Rinto menegaskan pihaknya akan langsung mengambil tindakan tegas bila menemukan penonton yang membawa flare. Tindakan tegas itu berupa pemblokiran akun pemilik tiket hingga diserahkan kepada pihak kepolisian.

"Apabila ditemukan flare itu akan dipisahkan langsung, tiket gelang akan kami sita, tidak boleh menonton, dan akan langsung diserahkan ke polisi. Diblokir. Hari itu juga akan langsung," kata Rinto disadur dari REPUBLIKBOBOTOH.COM.

Pemblokiran akun tersebut sudah pernah dilakukan Persib di musim lalu, tepatnya pada pertandingan terakhir kontra Persikabo. Pada saat bersamaan akun pemilik flare akan diblokir.

"Gak bisa. Sudah ada contoh yang kemarin, pada pertandingan (terakhir) lawan Persikabo itu sudah kita data, dan dia tidak akan bisa nonton untuk pertandingan minggu besok," tutup Rinto.

Selain itu, Persib tengah mempertimbangkan untuk melarang penonton membawa makanan. Menurut pria yang akrab disapa Is itu, flare bisa diselundupkan melalui makanan yang dibawa penonton.

Baca Juga : Bus KPK Bakal Mampir ke Kota Bandung pada 2 Juli 2023, Ada Apa?

"Ya ini memang satu proses yang gak bisa berhenti dan harus terus menerus kita gaungkan, anti flare ini.
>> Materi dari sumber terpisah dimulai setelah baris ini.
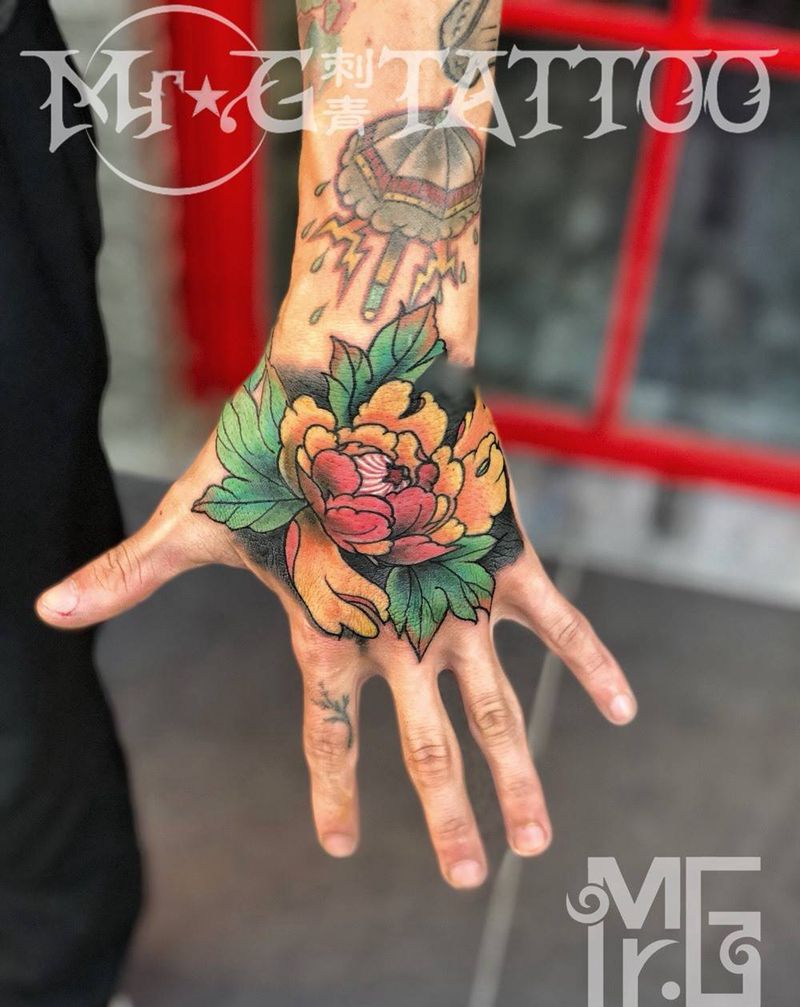 • 手背潮流时尚的玫瑰花眼睛纹身图案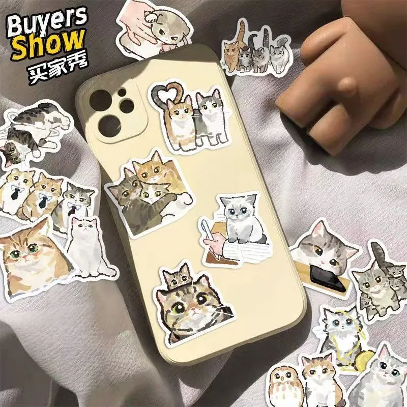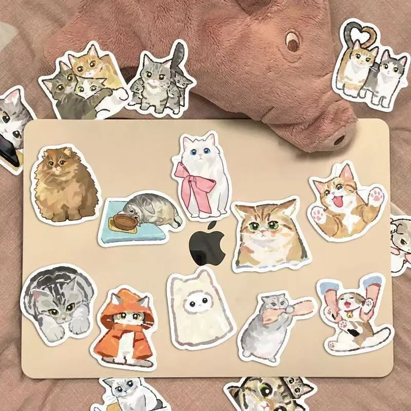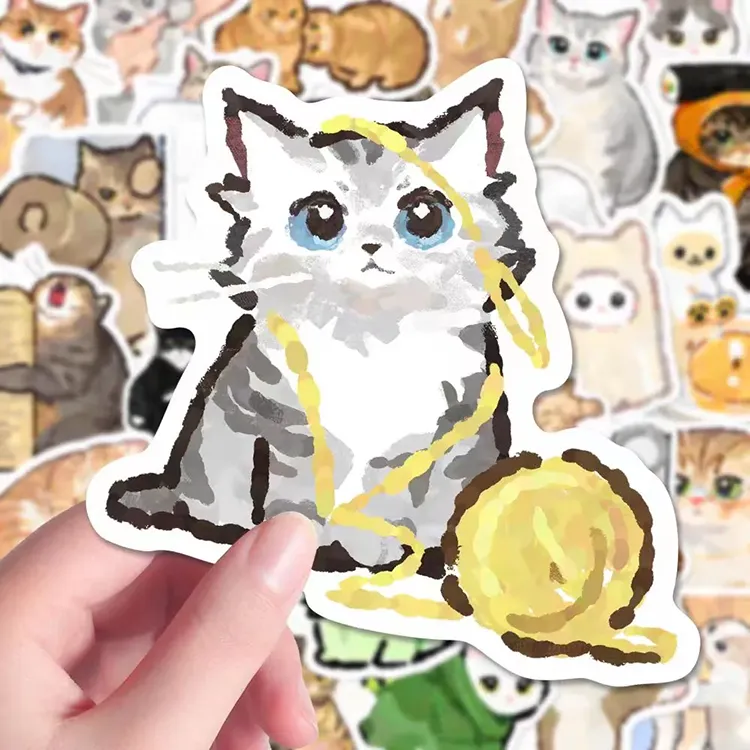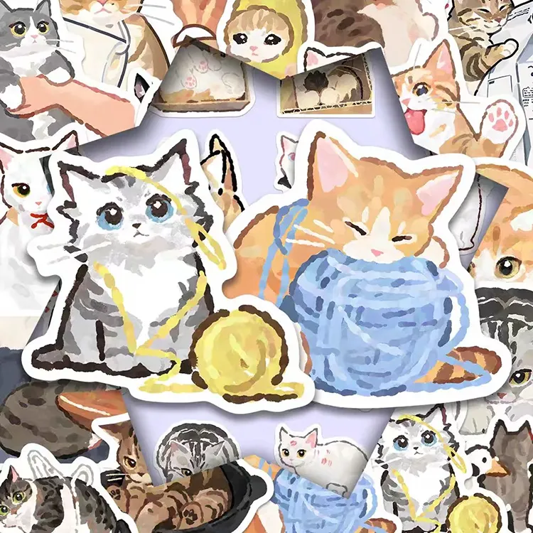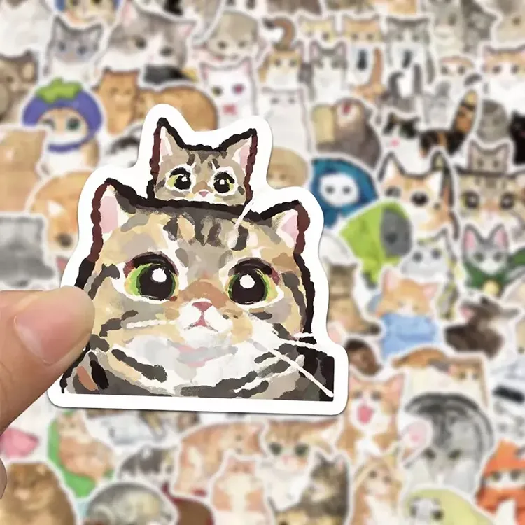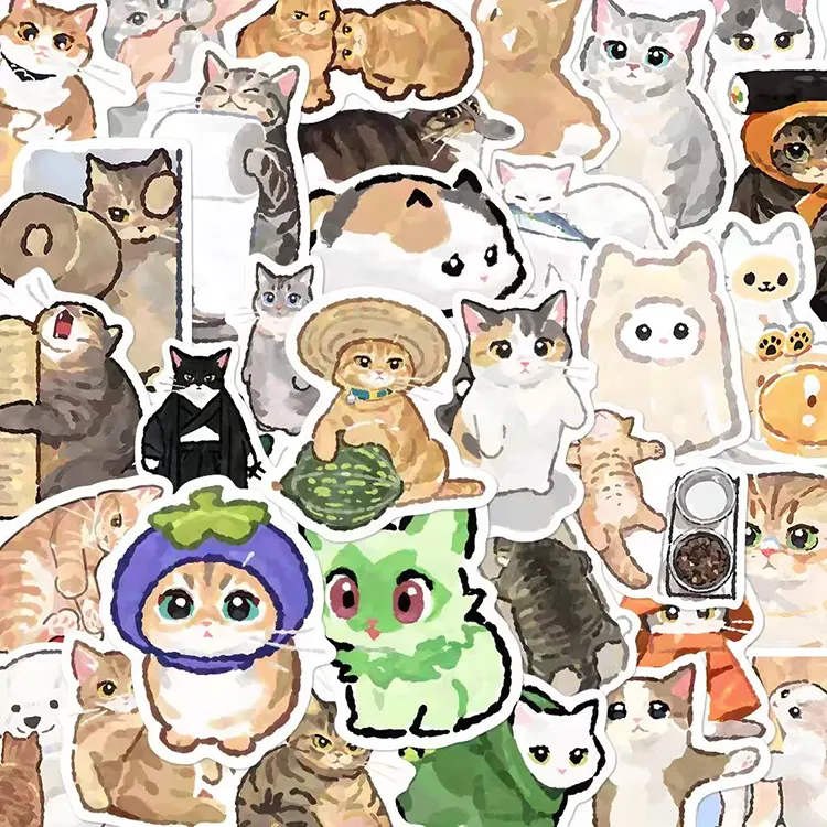 Sa réimse tráchtála, is uirlisí maithe poiblíochta agus pacáistithe iad greamáin ainmhithe cartúin. Is féidir le ceannaithe iad a thabhairt mar bhronntanais chur chun cinn nuair a bhíonn custaiméirí ag siopadóireacht chun tomhaltóirí a mhealladh, go háirithe aird leanaí. Is féidir leo greamáin cat a ghearradh go beacht freisin agus iad a úsáid le haghaidh pacáistiú táirgí, mar shampla iad a ghreamú ar phacáistiú stáiseanóireacht, bréagáin agus sneaiceanna chun cuteness agus aitheantas táirgí a mhéadú.

Kalau prosesnya, body checking-nya akan lebih ketat."

"Yang kedua kita sedang pertimbangkan melarang bawa masuk makanan, nasi bungkus, snack, karena terjadi tak hanya di laga terakhir katena penyelundupan itu bisa terjadi dalam nasi bungkus," jelas Is.

Denda Flare 4 Miliar

Sementara itu, Deputi CEO PT PBB, Teddy Tjahjono menambahkan masalah flare memang mendapatkan atensi besar dari banyak pihak.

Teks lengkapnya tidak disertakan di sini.